Stored items from a collection:
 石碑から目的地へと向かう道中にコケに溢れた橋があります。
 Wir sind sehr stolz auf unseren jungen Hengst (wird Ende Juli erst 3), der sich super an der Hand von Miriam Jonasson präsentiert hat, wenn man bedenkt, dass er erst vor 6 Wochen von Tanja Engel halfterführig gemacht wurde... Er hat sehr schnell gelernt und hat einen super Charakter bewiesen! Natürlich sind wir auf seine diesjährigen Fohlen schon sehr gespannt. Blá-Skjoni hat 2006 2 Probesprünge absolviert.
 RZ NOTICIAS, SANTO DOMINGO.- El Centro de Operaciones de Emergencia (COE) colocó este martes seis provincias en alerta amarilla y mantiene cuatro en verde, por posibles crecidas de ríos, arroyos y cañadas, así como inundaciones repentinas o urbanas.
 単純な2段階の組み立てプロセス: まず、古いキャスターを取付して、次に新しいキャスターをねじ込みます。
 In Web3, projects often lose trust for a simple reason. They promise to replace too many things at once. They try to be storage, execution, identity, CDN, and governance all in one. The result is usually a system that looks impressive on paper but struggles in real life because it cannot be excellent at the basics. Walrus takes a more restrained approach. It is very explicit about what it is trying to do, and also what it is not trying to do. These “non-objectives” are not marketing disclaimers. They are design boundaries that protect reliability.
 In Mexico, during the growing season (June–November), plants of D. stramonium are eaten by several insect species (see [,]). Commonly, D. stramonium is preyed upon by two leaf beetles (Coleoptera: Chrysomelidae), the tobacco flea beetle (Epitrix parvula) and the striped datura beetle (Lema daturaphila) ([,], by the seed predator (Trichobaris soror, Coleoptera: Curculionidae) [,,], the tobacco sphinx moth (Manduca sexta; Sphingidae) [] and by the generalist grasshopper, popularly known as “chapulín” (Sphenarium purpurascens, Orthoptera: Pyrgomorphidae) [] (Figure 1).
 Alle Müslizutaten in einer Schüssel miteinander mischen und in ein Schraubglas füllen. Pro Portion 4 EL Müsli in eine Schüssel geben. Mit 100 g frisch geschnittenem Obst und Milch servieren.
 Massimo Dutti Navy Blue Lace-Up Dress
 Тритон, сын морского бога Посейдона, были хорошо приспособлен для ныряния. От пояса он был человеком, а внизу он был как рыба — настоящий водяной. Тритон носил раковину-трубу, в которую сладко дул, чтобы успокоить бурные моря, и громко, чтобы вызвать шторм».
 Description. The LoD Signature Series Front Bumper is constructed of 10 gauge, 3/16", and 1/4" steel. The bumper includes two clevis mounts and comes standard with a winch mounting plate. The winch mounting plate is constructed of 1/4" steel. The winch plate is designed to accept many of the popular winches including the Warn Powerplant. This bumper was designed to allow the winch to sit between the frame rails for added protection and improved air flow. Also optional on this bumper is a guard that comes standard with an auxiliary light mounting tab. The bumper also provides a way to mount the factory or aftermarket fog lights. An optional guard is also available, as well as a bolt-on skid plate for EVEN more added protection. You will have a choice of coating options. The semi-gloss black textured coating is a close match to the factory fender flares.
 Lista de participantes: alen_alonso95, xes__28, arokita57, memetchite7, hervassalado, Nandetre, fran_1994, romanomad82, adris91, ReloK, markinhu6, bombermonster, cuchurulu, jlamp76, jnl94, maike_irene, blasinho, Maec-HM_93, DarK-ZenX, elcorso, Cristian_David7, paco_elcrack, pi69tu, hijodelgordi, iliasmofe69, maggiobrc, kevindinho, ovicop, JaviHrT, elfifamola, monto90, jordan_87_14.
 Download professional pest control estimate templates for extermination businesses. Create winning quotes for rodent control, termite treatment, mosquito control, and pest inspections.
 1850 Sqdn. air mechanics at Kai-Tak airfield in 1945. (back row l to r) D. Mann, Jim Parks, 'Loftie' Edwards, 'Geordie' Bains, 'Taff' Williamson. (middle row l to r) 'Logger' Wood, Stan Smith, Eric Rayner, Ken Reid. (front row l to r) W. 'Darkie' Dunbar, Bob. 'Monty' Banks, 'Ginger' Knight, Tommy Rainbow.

● **Problem details**
From the entries above, give again exactly the lines running from the line with "elfifamola, monto90, jordan_87_14." to the line with "Download professional pest"; include both of those lines.

● **Expected answer**
 Lista de participantes: alen_alonso95, xes__28, arokita57, memetchite7, hervassalado, Nandetre, fran_1994, romanomad82, adris91, ReloK, markinhu6, bombermonster, cuchurulu, jlamp76, jnl94, maike_irene, blasinho, Maec-HM_93, DarK-ZenX, elcorso, Cristian_David7, paco_elcrack, pi69tu, hijodelgordi, iliasmofe69, maggiobrc, kevindinho, ovicop, JaviHrT, elfifamola, monto90, jordan_87_14.
 Download professional pest control estimate templates for extermination businesses. Create winning quotes for rodent control, termite treatment, mosquito control, and pest inspections.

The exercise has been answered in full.